Martin attends first grade now, in a self-contained special-education school for speech- and language-delayed pupils. The school, which is private, meets Martin’s needs in pretty much every way I can imagine. The curriculum is designed by speech pathologists; the student-teacher ratio is small enough that Martin, despite his attention trouble, has never needed a 1:1 aide to keep up; social skills are integrated into lessons, lunch, and recess; and the class comprises academic high-achievers.
If you put a gun to my head and told me to make a complaint about the school, I would say this: Martin’s teachers use “food reinforcers.” The first week of the term, we parents received a permission form, asking whether our child could eat popcorn, Goldfish® crackers, Skittles®, or M&M’s® as rewards for behavior and hard work. In Martin’s case, of course, the answer was no, no, no, and no. Instead I sent some go raw brand “chocolate super cookies” for the teachers to give Martin.
The go raw cookies have worked well, in terms of rewarding Martin in school. Nevertheless, Martin has become fixated on the treats his classmates receive, specifically, popcorn and Goldfish® crackers. Every day Martin asks me, repeatedly, “Mommy, does popcorn make my belly hurt? Can you make popcorn not make my belly hurt? Mommy, can I have Goldfish crackers? Can you make Goldfish crackers not make my belly hurt?”
Popcorn I can’t do anything about. Organic or otherwise, it’s not GAPS-legal.
Goldfish crackers? There, I’ve been thinking, I might have a shot. First, I went on-line and ordered a teeny-tiny goldfish-shaped copper cracker cutter. Not kidding. Then, I began searching for a recipe that was, or that I could make, GAPS-legal. This turned out to be much more challenging than procuring a teeny-tiny goldfish-shaped copper cracker cutter. Every GAPS recipe I found included cheese, which Martin cannot have. I struck out also when I Googled Paleo goldfish cracker recipes; by and large, they container butter, or arrowroot powder, or some other ingredient anathema to Martin. I found one recipe ridiculously labeled “gfcf/vegan” when the first ingredient was whole-wheat flour.
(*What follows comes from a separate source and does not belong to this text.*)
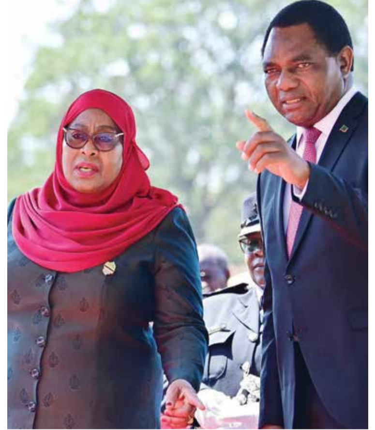
Rais wa Jamhuri ya Muungano wa Tanzania, Dk. Samia Suluhu Hassan, akizungumza jambo na mwenyeji wake, Rais wa Zambia, Hakainde Hichilema, wakati viongozi mbalimbali wakiweka mashada ya maua kwenye eneo la Mnara wa Kumbukumbu ya Wapigania Uhuru (Mashujaa) wa nchi hiyo katika maadhimisho ya miaka 59 ya Uhuru wa nchi hiyo jijini Lusaka jana.

Mapema asubuhi jana, Rais Dk. Samia na mwenyeji wake Rais Hichilema, walifanya dua na kuweka mashada ya maua kwenye mnara wa mashujaa uliopo Mtaa wa Uhuru Lusaka na waliweka pia mashada ya maua katika kaburi la muasisi na Baba wa Taifa hilo, Hayati Kenneth Kaunda.

At long last, on the delighted momma blog, I found a recipe for “Flourless Cheez-It Crackers” that I could adapt. The ingredients, as listed in the recipe, are almond meal, nutritional yeast, egg, sea salt, coconut oil, and lemon juice. (I had to do a quick search of whether nutritional yeast is GAPS-legal, as I haven’t used it since putting Martin on full GAPS.) I substituted olive oil for the coconut oil, for taste reasons, and increased the nutritional yeast slightly and doubled the sea salt. Here was the recipe, as I prepared it (with 100% props to delighted momma):
- 2 cups almond meal, which became slightly less when I sifted it for texture
- ¼ cup plus 2 tsps nutritional yeast
- 1 tsp sea salt
- 1 egg
- 1 tbsp olive oil
- juice of one fresh lemon
Combine sifted almond meal, nutritional yeast, and salt. In a separate bowl, whisk together egg, oil, and lemon juice. Combine the two bowls and stir well by hand. Roll out the dough on a stainless-steel cookie sheet lined with parchment paper. (I also dusted the parchment paper with more sifted almond meal, to make it easier to move the crackers once cut.) Cut the dough into shapes. Bake at 350 degrees for 15-20 minutes, or until the crackers are dark and crispy.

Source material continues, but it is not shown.